سليمان ناصر العلوان
← Back to Fatawa

When Does Sleep Constitute a Valid Excuse for Missing Prayer?

The brother asks: when is sleep a valid excuse for missing prayer? This can be divided into categories.

The first category: one who slept at the usual hour without excessive late-night staying up, then slept after putting in place the means and precautions for waking up, but did not wake up — this person is excused. Because he was not negligent. He did not commit anything forbidden in staying up, and he had set something to wake him but did not wake. And this falls under the general meaning of the Prophet's ﷺ saying: "Whoever [sleeps through] a prayer or forgets it, let him pray it when he remembers it." And this falls under the narration — the lifting of the pen from him — the hadith of Aisha narrating from 'Ali as a mawquf report, and it is the soundest thing in this chapter.

The second category: staying up late and deliberately staying up without need, then just before Fajr, he sleeps. Such a person usually does not wake up, if there is no one to wake him. Such a person has been negligent in his sleep. Because staying up late is conducive to missing the congregational prayer in the masjid, and because this staying up led him to committing something forbidden — and anything that leads to the forbidden is itself forbidden.

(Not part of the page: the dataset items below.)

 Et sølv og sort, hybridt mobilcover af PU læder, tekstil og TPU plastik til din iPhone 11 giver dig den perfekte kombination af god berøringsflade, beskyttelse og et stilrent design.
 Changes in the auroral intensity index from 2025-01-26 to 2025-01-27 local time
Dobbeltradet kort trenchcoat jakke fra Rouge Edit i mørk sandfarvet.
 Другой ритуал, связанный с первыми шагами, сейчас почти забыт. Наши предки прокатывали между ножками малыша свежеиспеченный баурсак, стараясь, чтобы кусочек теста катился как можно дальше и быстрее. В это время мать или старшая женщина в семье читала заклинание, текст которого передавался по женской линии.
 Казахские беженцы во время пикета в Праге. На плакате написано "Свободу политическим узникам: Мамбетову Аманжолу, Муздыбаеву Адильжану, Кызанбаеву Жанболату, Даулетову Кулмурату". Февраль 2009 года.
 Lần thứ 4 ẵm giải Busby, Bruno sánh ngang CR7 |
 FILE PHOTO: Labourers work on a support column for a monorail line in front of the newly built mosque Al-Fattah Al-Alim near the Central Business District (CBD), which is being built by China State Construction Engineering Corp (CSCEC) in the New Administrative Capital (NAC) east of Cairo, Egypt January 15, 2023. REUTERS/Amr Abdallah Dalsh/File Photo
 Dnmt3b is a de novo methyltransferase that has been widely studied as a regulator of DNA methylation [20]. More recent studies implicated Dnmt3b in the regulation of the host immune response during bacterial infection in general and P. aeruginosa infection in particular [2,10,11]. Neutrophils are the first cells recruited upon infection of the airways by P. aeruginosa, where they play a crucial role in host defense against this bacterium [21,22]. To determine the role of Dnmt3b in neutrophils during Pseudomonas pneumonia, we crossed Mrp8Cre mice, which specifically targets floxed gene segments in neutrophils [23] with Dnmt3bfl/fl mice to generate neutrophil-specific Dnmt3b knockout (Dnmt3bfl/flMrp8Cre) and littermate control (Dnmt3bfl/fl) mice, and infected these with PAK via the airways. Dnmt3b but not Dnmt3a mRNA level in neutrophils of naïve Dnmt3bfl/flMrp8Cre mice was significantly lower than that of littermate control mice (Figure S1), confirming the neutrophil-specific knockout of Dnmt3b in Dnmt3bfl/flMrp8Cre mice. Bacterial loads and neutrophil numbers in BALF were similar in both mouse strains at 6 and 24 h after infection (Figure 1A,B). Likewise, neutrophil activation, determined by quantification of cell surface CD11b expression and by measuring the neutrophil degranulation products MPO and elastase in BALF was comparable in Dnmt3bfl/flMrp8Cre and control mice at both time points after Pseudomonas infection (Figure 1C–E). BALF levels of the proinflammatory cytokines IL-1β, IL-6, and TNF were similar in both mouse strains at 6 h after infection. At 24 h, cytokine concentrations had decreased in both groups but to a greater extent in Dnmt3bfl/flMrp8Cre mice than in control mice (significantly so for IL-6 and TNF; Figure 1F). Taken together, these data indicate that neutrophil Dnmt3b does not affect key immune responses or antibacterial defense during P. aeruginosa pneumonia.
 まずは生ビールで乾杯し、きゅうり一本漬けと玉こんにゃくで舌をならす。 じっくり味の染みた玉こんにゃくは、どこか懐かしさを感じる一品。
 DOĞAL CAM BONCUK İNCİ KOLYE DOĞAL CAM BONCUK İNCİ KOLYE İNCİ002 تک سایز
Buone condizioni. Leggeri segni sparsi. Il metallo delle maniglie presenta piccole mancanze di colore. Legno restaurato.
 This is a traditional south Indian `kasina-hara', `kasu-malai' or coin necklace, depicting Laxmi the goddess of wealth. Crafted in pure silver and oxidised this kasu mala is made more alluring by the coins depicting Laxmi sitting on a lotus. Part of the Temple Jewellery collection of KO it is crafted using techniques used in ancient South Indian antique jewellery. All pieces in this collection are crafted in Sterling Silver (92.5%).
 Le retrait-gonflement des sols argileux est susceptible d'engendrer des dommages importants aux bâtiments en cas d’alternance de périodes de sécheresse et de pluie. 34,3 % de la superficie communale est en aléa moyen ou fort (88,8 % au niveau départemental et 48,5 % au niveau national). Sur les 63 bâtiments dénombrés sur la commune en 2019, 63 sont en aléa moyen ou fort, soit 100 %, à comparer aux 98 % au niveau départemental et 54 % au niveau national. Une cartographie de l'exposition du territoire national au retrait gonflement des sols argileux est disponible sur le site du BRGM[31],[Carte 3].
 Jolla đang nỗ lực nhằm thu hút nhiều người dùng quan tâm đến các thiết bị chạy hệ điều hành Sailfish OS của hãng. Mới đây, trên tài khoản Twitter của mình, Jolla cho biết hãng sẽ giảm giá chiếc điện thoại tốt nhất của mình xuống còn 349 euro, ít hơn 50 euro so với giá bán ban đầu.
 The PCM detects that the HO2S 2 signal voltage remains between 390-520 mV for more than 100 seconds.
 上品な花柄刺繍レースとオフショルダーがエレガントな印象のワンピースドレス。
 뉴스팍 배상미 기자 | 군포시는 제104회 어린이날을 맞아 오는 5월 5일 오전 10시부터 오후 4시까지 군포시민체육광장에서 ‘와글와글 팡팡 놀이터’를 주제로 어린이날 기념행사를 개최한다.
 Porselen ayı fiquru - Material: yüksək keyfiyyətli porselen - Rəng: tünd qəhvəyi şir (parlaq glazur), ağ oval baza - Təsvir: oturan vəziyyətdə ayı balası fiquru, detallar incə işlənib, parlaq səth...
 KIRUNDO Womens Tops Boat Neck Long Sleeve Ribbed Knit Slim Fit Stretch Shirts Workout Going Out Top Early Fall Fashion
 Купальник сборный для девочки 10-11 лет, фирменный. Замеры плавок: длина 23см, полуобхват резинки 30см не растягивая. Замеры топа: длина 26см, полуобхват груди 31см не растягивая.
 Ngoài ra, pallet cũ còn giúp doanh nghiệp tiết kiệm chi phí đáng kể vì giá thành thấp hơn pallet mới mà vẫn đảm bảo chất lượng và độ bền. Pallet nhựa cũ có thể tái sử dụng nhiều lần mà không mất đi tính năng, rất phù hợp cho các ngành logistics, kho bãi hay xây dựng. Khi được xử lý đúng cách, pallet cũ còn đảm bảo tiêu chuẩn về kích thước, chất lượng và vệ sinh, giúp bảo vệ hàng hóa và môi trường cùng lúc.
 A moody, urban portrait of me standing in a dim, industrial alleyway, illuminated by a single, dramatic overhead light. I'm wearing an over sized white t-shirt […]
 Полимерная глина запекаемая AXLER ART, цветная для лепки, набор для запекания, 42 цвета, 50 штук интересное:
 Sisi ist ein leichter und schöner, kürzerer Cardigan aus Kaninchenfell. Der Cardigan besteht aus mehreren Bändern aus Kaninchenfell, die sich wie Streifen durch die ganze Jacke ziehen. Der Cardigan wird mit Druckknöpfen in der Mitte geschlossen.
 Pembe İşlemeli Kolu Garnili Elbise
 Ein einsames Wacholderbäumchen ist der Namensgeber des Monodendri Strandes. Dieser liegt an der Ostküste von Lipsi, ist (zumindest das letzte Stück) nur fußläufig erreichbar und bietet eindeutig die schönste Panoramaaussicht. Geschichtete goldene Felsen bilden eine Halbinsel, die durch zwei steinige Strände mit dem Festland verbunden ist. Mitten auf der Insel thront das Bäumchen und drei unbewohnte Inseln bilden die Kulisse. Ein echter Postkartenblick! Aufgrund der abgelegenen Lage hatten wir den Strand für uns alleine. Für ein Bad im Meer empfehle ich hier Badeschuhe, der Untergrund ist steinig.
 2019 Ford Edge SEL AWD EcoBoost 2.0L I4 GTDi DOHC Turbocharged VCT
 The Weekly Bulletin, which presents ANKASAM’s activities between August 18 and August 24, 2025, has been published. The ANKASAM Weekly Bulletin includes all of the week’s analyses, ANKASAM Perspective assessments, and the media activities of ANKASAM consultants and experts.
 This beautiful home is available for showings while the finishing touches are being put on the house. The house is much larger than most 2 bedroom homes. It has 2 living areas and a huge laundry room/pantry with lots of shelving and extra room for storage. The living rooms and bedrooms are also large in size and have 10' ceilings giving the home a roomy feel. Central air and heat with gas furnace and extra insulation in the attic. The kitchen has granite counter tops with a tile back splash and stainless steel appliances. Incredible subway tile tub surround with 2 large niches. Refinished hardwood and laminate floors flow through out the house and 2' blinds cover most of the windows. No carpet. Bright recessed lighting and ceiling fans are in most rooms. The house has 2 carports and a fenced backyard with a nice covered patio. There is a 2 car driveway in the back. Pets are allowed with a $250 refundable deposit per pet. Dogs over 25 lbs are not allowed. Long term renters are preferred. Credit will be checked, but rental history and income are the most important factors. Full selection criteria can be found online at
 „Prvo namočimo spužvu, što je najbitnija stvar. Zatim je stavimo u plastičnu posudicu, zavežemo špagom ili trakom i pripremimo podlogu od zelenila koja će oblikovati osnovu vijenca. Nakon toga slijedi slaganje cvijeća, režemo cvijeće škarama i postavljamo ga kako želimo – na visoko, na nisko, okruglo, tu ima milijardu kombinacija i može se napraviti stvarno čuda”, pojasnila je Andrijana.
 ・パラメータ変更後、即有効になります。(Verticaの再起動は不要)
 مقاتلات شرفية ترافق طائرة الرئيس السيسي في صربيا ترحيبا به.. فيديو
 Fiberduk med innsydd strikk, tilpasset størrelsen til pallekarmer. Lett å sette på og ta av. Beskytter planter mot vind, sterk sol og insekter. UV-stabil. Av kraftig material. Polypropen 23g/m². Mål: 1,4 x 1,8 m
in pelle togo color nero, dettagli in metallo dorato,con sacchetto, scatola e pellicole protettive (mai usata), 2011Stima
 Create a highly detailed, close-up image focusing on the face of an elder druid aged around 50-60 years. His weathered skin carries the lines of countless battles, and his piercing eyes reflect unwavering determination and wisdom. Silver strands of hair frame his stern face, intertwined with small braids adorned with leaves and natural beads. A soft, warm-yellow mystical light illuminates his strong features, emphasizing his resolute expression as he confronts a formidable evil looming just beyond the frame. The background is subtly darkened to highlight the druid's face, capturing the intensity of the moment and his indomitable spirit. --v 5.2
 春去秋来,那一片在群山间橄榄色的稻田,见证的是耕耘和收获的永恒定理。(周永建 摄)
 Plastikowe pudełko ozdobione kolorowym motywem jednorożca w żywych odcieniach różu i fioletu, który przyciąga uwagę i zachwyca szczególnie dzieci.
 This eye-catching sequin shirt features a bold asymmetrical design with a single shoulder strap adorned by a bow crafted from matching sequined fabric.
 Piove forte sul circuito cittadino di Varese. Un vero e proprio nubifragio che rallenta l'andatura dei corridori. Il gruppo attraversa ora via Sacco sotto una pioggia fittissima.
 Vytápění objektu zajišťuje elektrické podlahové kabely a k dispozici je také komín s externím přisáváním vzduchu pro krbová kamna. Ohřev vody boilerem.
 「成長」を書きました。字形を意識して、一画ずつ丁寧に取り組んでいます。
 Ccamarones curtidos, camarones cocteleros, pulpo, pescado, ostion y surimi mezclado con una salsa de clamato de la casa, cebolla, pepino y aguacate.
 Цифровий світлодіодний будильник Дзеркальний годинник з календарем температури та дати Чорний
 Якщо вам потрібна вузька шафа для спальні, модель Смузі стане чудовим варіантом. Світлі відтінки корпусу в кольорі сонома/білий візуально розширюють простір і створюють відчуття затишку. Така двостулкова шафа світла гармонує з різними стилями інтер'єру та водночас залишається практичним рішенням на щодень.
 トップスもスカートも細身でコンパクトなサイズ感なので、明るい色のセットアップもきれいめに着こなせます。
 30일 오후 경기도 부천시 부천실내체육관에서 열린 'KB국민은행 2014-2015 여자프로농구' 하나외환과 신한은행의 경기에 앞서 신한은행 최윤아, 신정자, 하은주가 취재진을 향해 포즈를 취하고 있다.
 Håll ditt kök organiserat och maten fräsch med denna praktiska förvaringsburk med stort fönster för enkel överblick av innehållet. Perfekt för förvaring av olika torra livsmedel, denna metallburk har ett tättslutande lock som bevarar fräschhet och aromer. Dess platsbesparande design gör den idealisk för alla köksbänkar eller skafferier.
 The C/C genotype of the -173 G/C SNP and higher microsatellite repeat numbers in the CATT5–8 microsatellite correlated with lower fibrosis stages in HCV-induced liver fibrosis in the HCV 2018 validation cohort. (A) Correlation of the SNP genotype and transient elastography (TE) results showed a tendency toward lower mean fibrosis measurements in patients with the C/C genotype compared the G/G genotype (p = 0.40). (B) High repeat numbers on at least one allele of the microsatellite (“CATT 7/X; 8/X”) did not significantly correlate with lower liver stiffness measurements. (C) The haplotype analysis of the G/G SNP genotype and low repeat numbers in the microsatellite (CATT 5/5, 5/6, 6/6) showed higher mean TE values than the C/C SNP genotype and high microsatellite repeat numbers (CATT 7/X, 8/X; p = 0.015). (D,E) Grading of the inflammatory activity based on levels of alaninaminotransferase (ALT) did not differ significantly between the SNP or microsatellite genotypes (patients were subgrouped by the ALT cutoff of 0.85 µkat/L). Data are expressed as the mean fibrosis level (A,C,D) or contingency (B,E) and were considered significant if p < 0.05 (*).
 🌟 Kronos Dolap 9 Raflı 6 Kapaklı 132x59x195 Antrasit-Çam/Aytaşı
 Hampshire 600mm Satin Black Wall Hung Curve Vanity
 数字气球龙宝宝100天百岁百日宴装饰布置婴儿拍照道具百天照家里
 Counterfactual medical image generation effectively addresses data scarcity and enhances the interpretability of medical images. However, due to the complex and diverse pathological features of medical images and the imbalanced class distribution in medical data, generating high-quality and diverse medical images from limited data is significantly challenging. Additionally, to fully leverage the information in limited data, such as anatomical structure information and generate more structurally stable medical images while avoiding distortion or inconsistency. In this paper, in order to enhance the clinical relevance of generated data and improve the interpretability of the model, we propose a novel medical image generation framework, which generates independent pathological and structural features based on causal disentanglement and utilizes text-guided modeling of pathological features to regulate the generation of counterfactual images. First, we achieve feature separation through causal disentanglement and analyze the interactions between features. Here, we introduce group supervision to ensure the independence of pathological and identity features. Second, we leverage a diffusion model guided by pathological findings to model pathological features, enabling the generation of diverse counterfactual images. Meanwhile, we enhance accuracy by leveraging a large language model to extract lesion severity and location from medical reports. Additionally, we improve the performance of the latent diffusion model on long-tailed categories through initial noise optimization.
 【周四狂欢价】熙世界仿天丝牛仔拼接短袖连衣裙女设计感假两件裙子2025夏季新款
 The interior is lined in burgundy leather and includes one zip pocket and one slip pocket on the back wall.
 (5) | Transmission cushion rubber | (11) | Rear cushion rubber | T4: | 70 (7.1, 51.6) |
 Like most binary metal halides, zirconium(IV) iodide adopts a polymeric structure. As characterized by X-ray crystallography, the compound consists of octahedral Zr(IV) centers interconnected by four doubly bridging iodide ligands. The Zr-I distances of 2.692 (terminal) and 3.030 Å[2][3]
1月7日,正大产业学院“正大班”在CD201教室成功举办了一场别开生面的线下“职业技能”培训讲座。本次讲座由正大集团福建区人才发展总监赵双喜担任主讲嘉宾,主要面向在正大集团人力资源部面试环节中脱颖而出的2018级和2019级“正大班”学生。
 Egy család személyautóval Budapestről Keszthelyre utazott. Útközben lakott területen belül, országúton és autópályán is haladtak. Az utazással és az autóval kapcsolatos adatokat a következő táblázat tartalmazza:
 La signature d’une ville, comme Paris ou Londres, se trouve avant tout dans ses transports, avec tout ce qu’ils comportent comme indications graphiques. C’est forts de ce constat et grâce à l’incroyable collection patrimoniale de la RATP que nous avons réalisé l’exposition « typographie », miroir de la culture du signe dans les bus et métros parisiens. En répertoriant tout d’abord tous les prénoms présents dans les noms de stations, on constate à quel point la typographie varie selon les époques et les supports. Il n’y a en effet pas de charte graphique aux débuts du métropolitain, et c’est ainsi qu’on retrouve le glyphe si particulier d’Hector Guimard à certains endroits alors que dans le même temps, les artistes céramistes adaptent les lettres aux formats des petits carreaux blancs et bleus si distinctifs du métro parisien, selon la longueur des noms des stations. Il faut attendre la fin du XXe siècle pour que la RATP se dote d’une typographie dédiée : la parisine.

The third case: that he goes to sleep early and takes the appropriate precautionary steps, but then wakes up for prayer, is negligent, and goes back to sleep — saying "I'll get up now" — then sleeps again after having been roused and his reason returned to him, but he keeps going back and forth, sleeping again, saying "I'll wake up now," and so on, procrastinating. Such a person has no excuse, because he did wake up and the obligation to respond to Allah's call was upon him. He has no excuse in this type because he woke up and understood the intended meaning and knew what was required, so the obligation of rising for prayer was upon him. Such a person is not excused by his sleep.